Building High-Fidelity Data Streams

Low latency data streaming technology and practices remain a hot and trending topic among data engineers today. At its core, it promises to deliver data in near real time in order to provide snappy data-driven user experiences. This experience comes in many forms including low latency updates to social news feeds, near-real time payment fraud prevention, time-relevant recommender systems used in flash sales, self-driving car route planning, and more. Our need to stay engaged has made low latency data streams a critical part of modern data architectures. 

While it may seem trivial to get a data streaming POC up and running, productionalizing such a system under strict SLAs with the aid of a lean engineering team requires making the right choices but also learning from mistakes along the way. At Datazoom, we built a lossless streaming data system that guarantees sub-second (p95) event delivery at scale with better than three nines availability – we measure availability in terms of the on-time delivery of events. Come to this talk to learn how you can build such a system soup-to-nuts.

Interview:

What is the focus of your work these days?

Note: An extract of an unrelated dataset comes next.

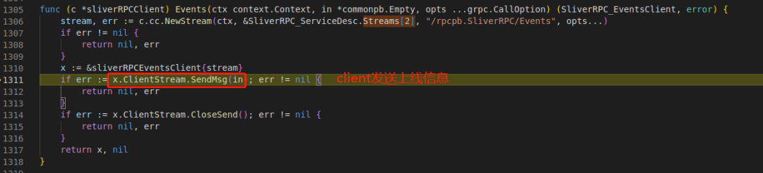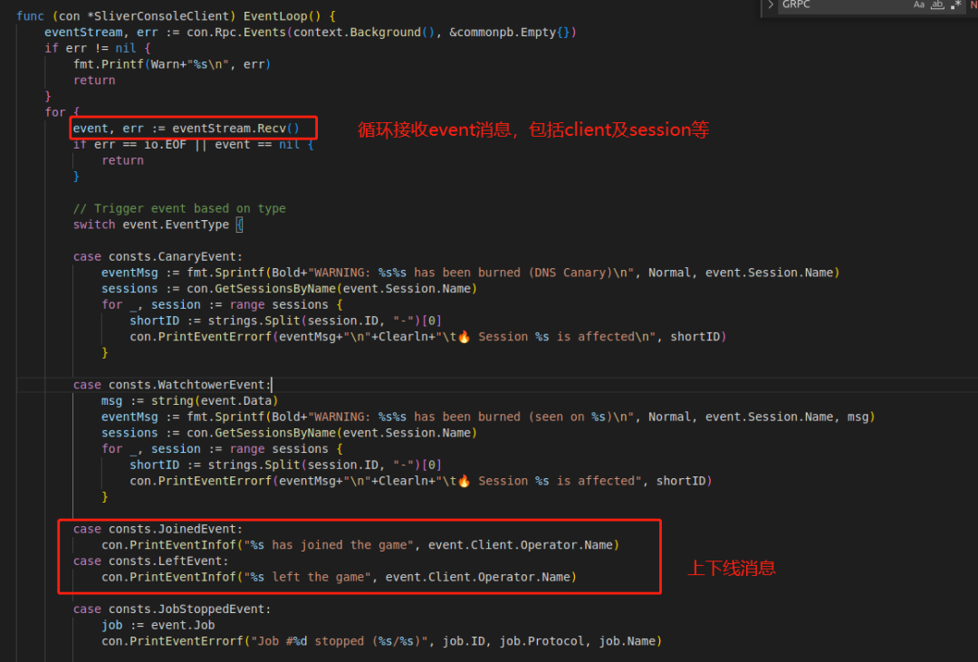 client运行上线时首先遍历~./sliver-client/config(Linux)文件下config配置进行选择连接,然后初始化event循环时会发送上线;
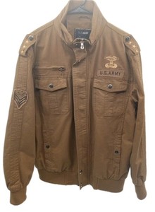 H. T. Niao Army Jacke Herren Gr. L-XL braun Full Zip Mantel mehrere Taschen Patches

I currently serve as the Chief Architect and Head of Engineering at Datazoom, a company that offers a video data platform that captures video playback telemetry data. This data can be used to understand how customers experience and interact with video. At Datazoom, we build both client SDKs and a cloud-based analytics platform.

What’s the motivation for your talk?

In this talk, I explain how engineers can build a low-latency, high-fidelity data streaming system using open source software and public cloud technologies combined with recommended best practices. My talk focuses on the non-functional requirements (e.g. the -ilities) of such a system including but not limited to scalability, performance, reliability, observability, availability, etc…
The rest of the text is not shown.